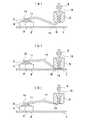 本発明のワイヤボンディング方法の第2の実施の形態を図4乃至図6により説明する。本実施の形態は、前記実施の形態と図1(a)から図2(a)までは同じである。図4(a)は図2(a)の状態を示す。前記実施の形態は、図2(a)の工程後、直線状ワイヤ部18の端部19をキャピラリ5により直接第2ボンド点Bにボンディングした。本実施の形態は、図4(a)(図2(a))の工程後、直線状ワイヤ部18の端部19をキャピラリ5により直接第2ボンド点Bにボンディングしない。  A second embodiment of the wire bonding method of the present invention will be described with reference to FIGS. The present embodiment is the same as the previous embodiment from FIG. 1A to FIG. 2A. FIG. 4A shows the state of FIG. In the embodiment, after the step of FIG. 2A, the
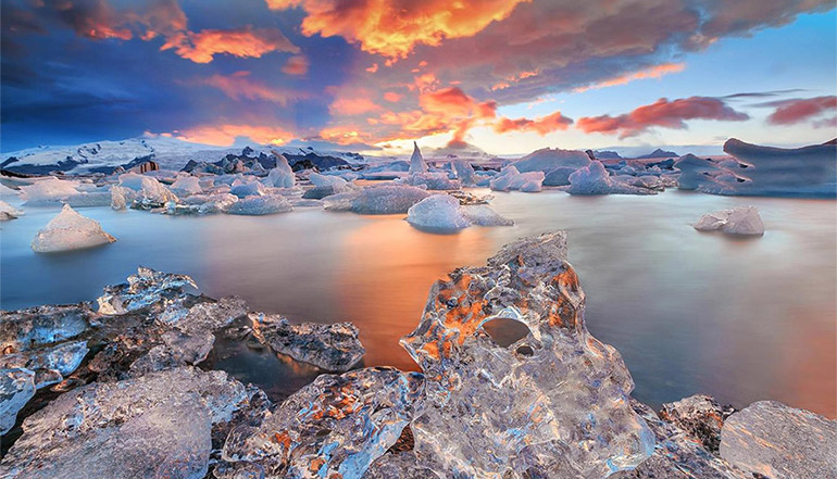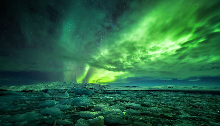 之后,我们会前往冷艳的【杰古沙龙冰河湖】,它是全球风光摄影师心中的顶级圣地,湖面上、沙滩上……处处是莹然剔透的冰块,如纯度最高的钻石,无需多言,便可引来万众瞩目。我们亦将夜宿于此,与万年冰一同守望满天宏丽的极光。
───
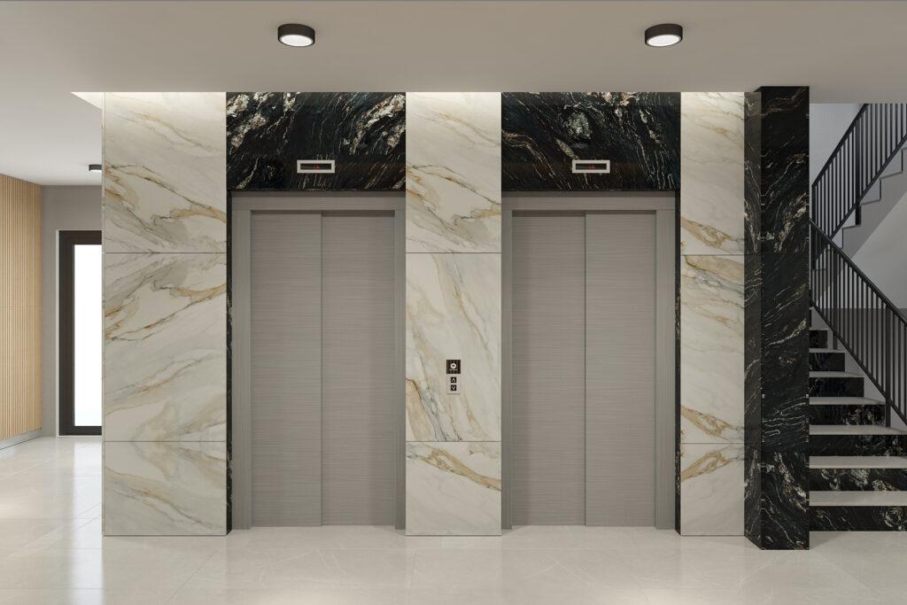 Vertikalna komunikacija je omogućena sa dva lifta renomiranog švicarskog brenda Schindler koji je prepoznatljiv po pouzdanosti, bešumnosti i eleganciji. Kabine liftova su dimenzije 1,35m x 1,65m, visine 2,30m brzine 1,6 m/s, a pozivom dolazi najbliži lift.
───
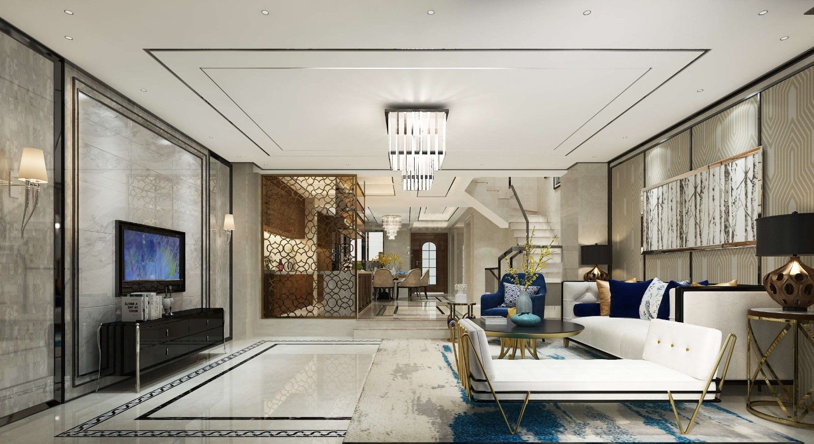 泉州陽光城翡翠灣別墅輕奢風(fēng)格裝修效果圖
───
Skipping the pictures, print the lines in the listing above exactly as written, starting at the line with "FIG. 2A, the" and ending at the line with "之后,我们会前往冷艳的【杰古", both included.

 本発明のワイヤボンディング方法の第2の実施の形態を図4乃至図6により説明する。本実施の形態は、前記実施の形態と図1(a)から図2(a)までは同じである。図4(a)は図2(a)の状態を示す。前記実施の形態は、図2(a)の工程後、直線状ワイヤ部18の端部19をキャピラリ5により直接第2ボンド点Bにボンディングした。本実施の形態は、図4(a)(図2(a))の工程後、直線状ワイヤ部18の端部19をキャピラリ5により直接第2ボンド点Bにボンディングしない。  A second embodiment of the wire bonding method of the present invention will be described with reference to FIGS. The present embodiment is the same as the previous embodiment from FIG. 1A to FIG. 2A. FIG. 4A shows the state of FIG. In the embodiment, after the step of FIG. 2A, the
 之后,我们会前往冷艳的【杰古沙龙冰河湖】,它是全球风光摄影师心中的顶级圣地,湖面上、沙滩上……处处是莹然剔透的冰块,如纯度最高的钻石,无需多言,便可引来万众瞩目。我们亦将夜宿于此,与万年冰一同守望满天宏丽的极光。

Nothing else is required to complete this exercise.